Eine Chance, aus der Arbeitslosigkeit herauszukommen
Andere Arbeitsmarktexperten können die Aufregung über Plattformarbeit nicht verstehen. „Im Grunde ist diese Art der Tätigkeit häufig nicht neu“, sagt etwa Karl Brenke vom Deutschen Institut für Wirtschaftsforschung (DIW). Natürlich habe es vor ein paar Jahren den Job des E-Roller-Aufladers noch nicht gegeben. „Aber beispielsweise Zeitungsausträger gab es schon immer“, führt Brenke an. „Auch die haben nachts gearbeitet, auch die haben das häufig getan, um sich etwas hinzuzuverdienen.“
Er sieht sogar enorme Vorteile in dem Modell. „Solche unkomplizierten Anstellungsverhältnisse können gerade Menschen ohne jede Ausbildung dabei helfen, aus der Arbeitslosigkeit zu kommen“, meint er und findet einzig das Phänomen der Scheinselbstständigkeit bedenklich. „Hier braucht es aber keine neuen Gesetze, sondern eine stärkere Kontrolle“, sagt Brenke. „Es gibt genug Regeln auch für solche Jobs, man muss nur deren Einhaltung überwachen.“
Davon ist auch Brown-Philpot überzeugt. „Die meisten unserer Auftragnehmer sind Studenten oder Pensionäre oder auch Menschen, die in Teilzeit arbeiten – also Personen, die sich etwas dazuverdienen wollen“, berichtet sie.

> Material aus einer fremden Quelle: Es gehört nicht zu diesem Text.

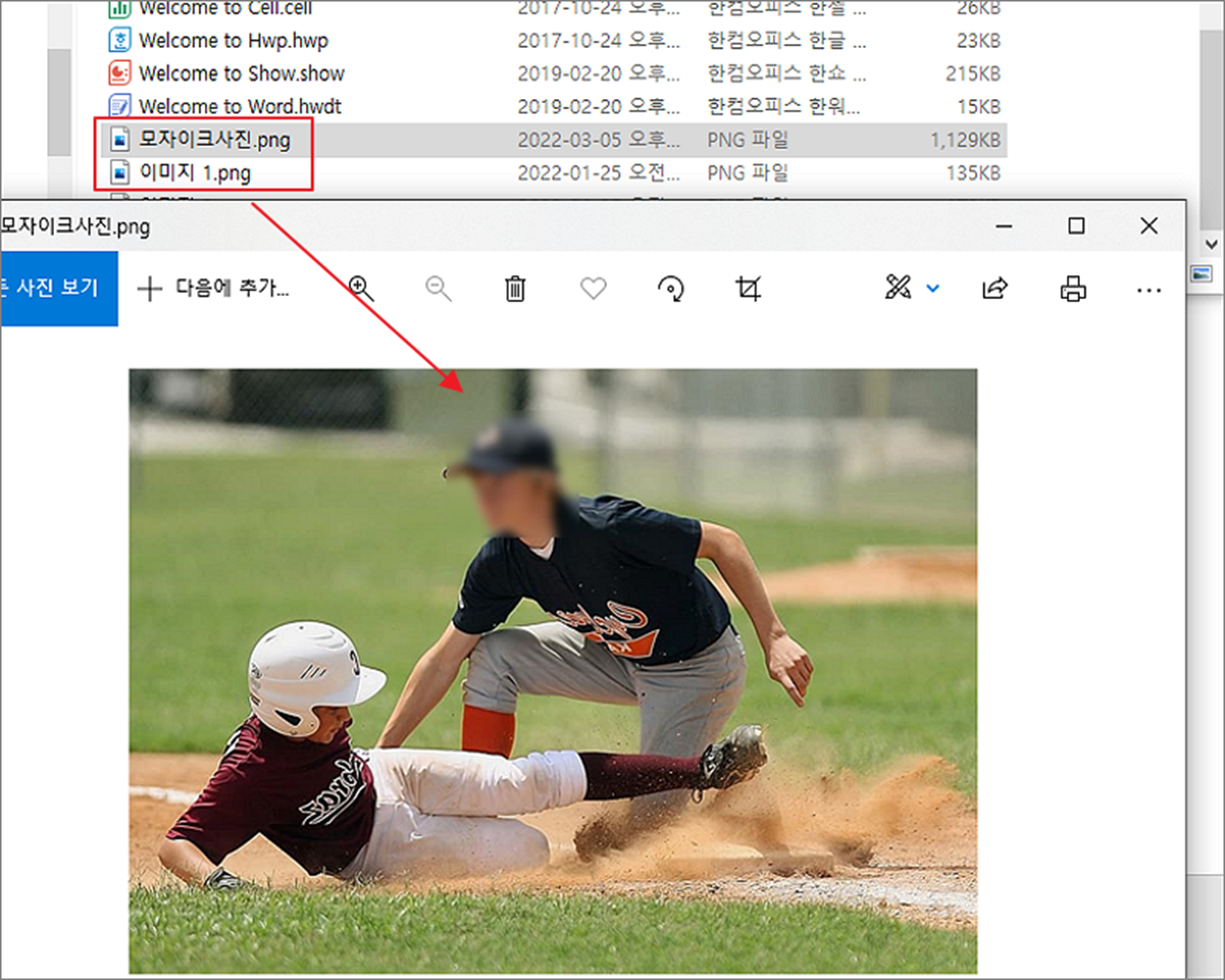 ▼ 저장한 이미지를 열어서 확인해 보세요. 파워포인트로 설정한 모자이크 처리가 제대로 되었는지 확인해 볼 수 있습니다.

Tatsächlich würden ihre Erfahrungen auch zeigen, dass Plattformarbeit keineswegs schlecht bezahlt werden müsse. Nach ihrer Aussage ist der durchschnittliche Stundenlohn bei Task Rabbit in den USA fünfmal so hoch wie der gesetzliche Mindestlohn, in Frankreich dreimal und in Großbritannien 2,5 Mal. „Unsere Nutzer können ihre eigenen Preise festlegen, sie können selbst entscheiden, wann sie arbeiten wollen“, sagt die Geschäftsführerin. „Diese Flexibilität finden Sie in anderen Arbeitsumfeldern kaum.“
Die Bertelsmann-Studie stützt diese Sichtweise. Den Daten nach sind die meisten Plattformarbeiter keine Geringqualifizierten, sondern haben größtenteils Abitur und einen Studienabschluss. Mehr als die Hälfte kann zudem ein Nettogehalt von über 1500 Euro pro Monat vorweisen. Hauptberuflich geht demnach nur ein Prozent der Nutzer diesen Jobs nach.